Zusammengefasst bedeutet die obige Siddhi-Abfrage, dass diese Richtlinie dem Superadmin-Benutzer (admin@carbon.super) erlaubt, eine unbegrenzte Anzahl von Anfragen zu senden. Alle anderen Benutzer können nur 5 Anfragen pro Minute für alle Ressourcen senden. Danach werden die Anfragen gedrosselt.
Conclusion
Rate Limiting ist eine grundlegende Funktion in jeder API-Management-Plattform. Mit Custom Rate Limiting können Sie verschiedene Vorteile bieten, insbesondere wenn Sie spezifische Anwendungsfälle und Anforderungen haben, die über die standardmäßigen Ratenbegrenzungsrichtlinien hinausgehen. Sie ermöglicht eine fein granulare Steuerung der Drosselung basierend auf API-Kontext, Version, Ressourcenpfad, Benutzer-ID usw. Diese Kontrolle ermöglicht Anpassungen an sich ändernde Bedingungen oder Geschäftsbedürfnisse. Custom Rate Limiting kann personalisierte Benutzererlebnisse unterstützen. Sie können Ratenlimits an das individuelle Benutzerverhalten anpassen und Ihren aktivsten Benutzern ein flüssigeres und reaktionsschnelleres Erlebnis bieten.
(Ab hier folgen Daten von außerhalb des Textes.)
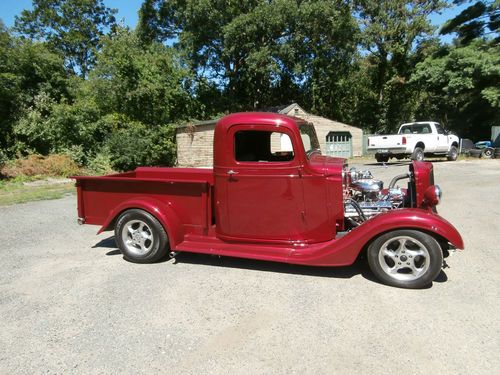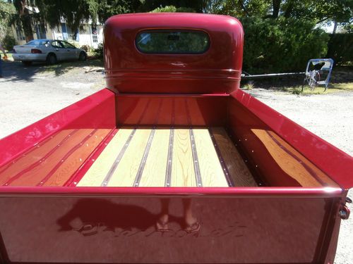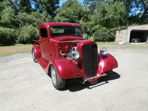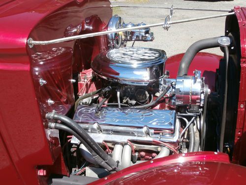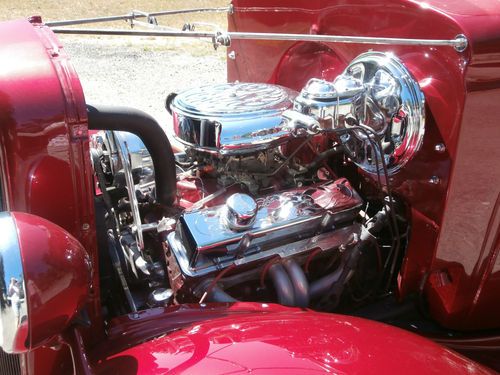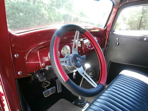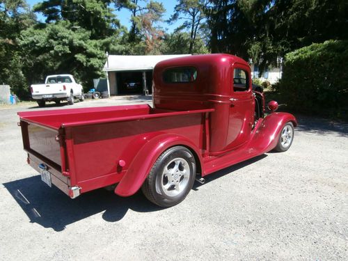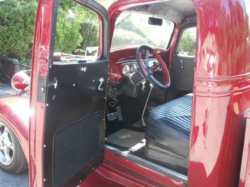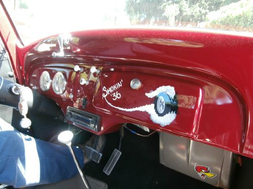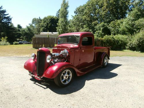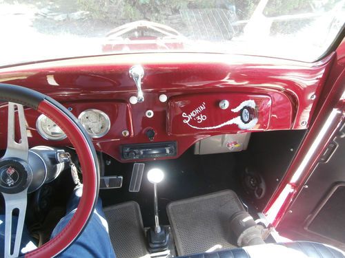 1936 CHEVY PICKUP LOW CAB 350 CHEVY MOTOR WITH NEW AUTOMATIC 700R TRANSMISSION , CHROME ITEMS ON ENGINE , ENGINE PAINTED BODY COLOR. BLACK INTERIOR. POWER BRAKES. POWER STEERING, XJ6 JAG FRONT SUSPENSION WITH A POSI REAR END FROM A CAMARO,WALKER RADIATOR, BRAND NEW DUAL EXHAUST ,ELDERBROCK MUFFLERS ,CRANK OUT WINDSHIELD ALL NEW TINTER GLASS, CD PLAYER ,BAT WING AIR CLEANER DISC BRAKES IN FRONT AND DRUM BRAKES IN THE REAR , ALL NEW WOOD WITH STAINSTEEL TRIM IN BED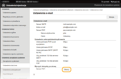 Określanie nazwy nadawcy wiadomości: Zapisz nazwę jednostki (e-mail)

Für Branchen mit spezifischen Compliance-Anforderungen kann die Custom Rate Limiting dazu beitragen, dass Ihre API-Nutzung den regulatorischen Standards entspricht. Sie können Ratenlimits implementieren, die den Compliance-Vorgaben entsprechen. Es ist wichtig zu beachten, dass die Custom Rate Limiting zwar diese Vorteile bietet, aber auch eine sorgfältige Planung, Prüfung und kontinuierliche Überwachung erfordert. Die Implementierung einer komplexen Ratenbegrenzungslogik sollte sorgfältig erfolgen, um unbeabsichtigte Dienstunterbrechungen oder zu restriktive Richtlinien zu vermeiden. Berücksichtigen Sie außerdem die Skalierbarkeit Ihrer benutzerdefinierten Ratenbegrenzungslösung, um der wachsenden API-Nutzung gerecht zu werden.